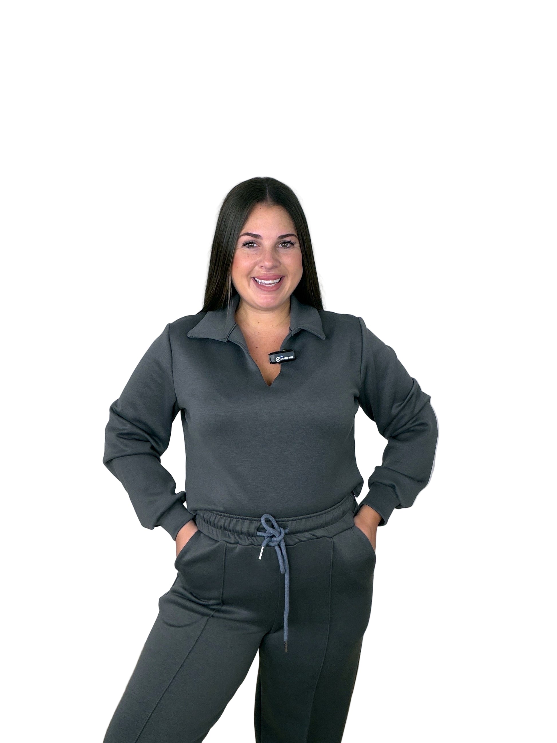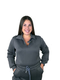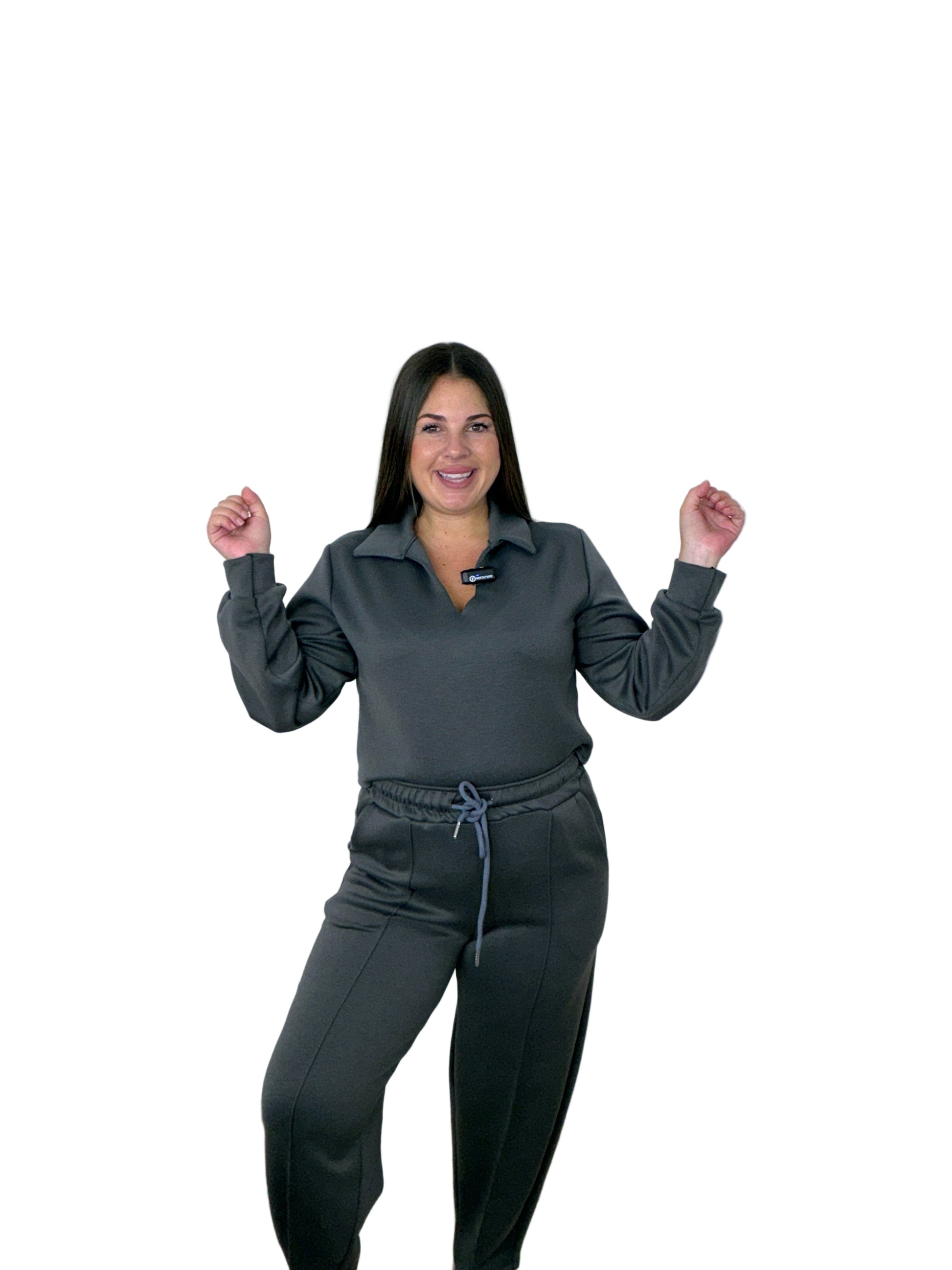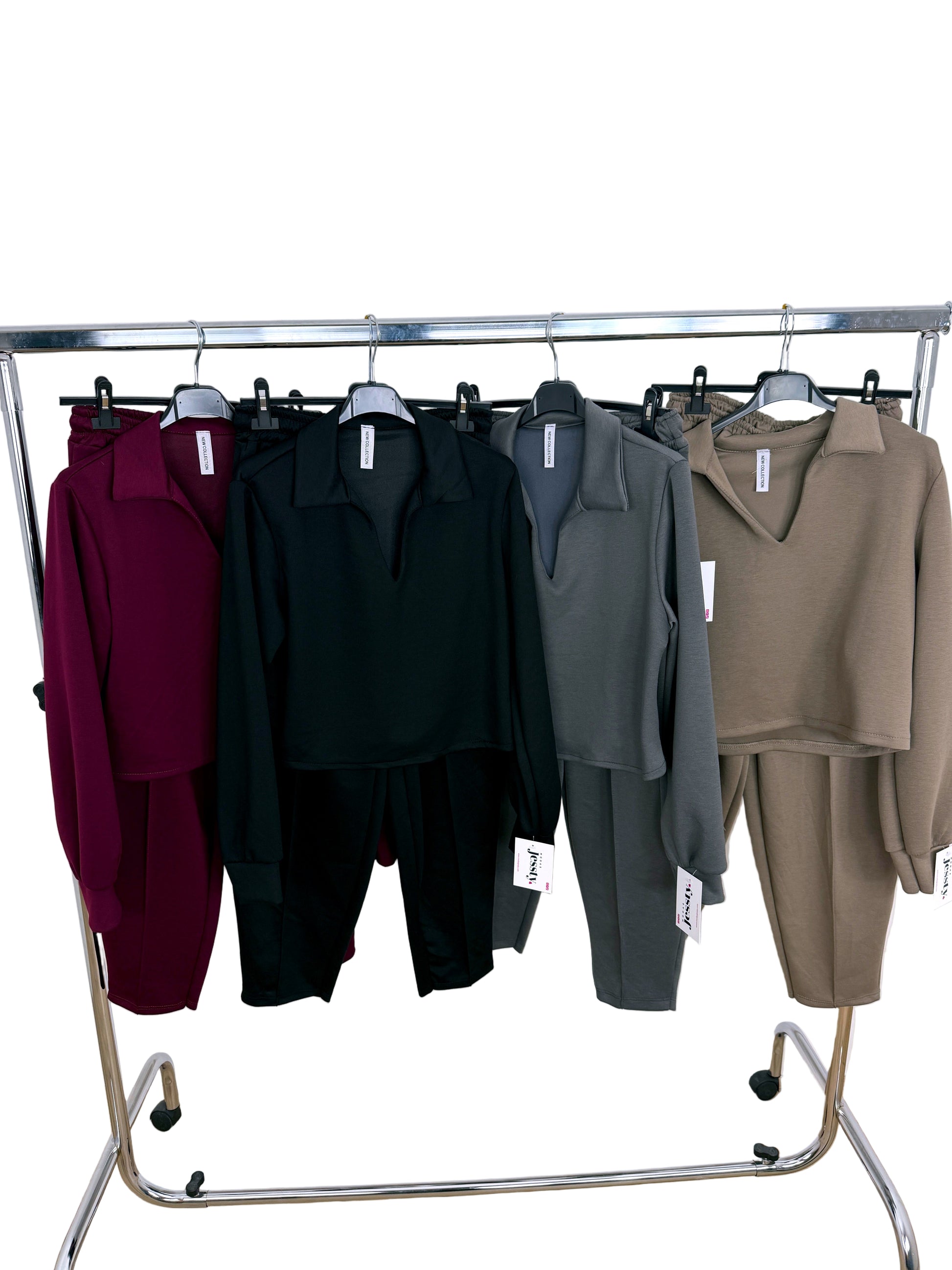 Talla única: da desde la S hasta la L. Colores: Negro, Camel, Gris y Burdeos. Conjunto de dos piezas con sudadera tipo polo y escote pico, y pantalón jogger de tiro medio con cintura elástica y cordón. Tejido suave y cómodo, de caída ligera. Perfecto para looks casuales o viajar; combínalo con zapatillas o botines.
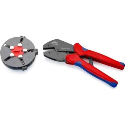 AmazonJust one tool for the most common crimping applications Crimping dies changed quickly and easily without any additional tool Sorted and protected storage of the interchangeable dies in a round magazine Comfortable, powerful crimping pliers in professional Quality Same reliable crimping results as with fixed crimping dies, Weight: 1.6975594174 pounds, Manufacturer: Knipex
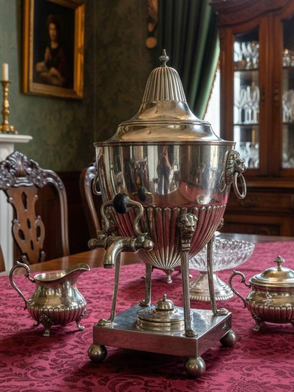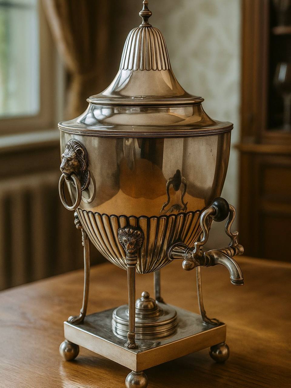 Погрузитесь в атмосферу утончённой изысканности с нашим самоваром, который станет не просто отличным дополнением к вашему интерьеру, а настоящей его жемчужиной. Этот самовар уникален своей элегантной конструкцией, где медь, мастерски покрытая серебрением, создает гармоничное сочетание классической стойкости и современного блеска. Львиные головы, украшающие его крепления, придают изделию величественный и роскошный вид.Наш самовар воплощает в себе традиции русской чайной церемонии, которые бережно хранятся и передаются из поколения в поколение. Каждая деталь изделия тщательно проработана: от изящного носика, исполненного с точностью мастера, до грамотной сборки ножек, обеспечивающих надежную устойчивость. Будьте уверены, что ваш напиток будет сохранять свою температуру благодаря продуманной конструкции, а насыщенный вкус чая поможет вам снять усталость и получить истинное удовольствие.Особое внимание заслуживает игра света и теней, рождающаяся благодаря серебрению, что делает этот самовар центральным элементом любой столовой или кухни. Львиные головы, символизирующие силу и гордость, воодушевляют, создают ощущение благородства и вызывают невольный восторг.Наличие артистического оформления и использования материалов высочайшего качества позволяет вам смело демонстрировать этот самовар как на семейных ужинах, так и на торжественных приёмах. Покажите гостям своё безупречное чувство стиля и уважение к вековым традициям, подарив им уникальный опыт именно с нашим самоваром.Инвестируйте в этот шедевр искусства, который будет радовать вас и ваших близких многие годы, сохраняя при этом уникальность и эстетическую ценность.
===
Work order:
The listing should be transcribed in full, exactly, and without its pictures.

Exercise result:
 Talla única: da desde la S hasta la L. Colores: Negro, Camel, Gris y Burdeos. Conjunto de dos piezas con sudadera tipo polo y escote pico, y pantalón jogger de tiro medio con cintura elástica y cordón. Tejido suave y cómodo, de caída ligera. Perfecto para looks casuales o viajar; combínalo con zapatillas o botines.
 AmazonJust one tool for the most common crimping applications Crimping dies changed quickly and easily without any additional tool Sorted and protected storage of the interchangeable dies in a round magazine Comfortable, powerful crimping pliers in professional Quality Same reliable crimping results as with fixed crimping dies, Weight: 1.6975594174 pounds, Manufacturer: Knipex
 Погрузитесь в атмосферу утончённой изысканности с нашим самоваром, который станет не просто отличным дополнением к вашему интерьеру, а настоящей его жемчужиной. Этот самовар уникален своей элегантной конструкцией, где медь, мастерски покрытая серебрением, создает гармоничное сочетание классической стойкости и современного блеска. Львиные головы, украшающие его крепления, придают изделию величественный и роскошный вид.Наш самовар воплощает в себе традиции русской чайной церемонии, которые бережно хранятся и передаются из поколения в поколение. Каждая деталь изделия тщательно проработана: от изящного носика, исполненного с точностью мастера, до грамотной сборки ножек, обеспечивающих надежную устойчивость. Будьте уверены, что ваш напиток будет сохранять свою температуру благодаря продуманной конструкции, а насыщенный вкус чая поможет вам снять усталость и получить истинное удовольствие.Особое внимание заслуживает игра света и теней, рождающаяся благодаря серебрению, что делает этот самовар центральным элементом любой столовой или кухни. Львиные головы, символизирующие силу и гордость, воодушевляют, создают ощущение благородства и вызывают невольный восторг.Наличие артистического оформления и использования материалов высочайшего качества позволяет вам смело демонстрировать этот самовар как на семейных ужинах, так и на торжественных приёмах. Покажите гостям своё безупречное чувство стиля и уважение к вековым традициям, подарив им уникальный опыт именно с нашим самоваром.Инвестируйте в этот шедевр искусства, который будет радовать вас и ваших близких многие годы, сохраняя при этом уникальность и эстетическую ценность.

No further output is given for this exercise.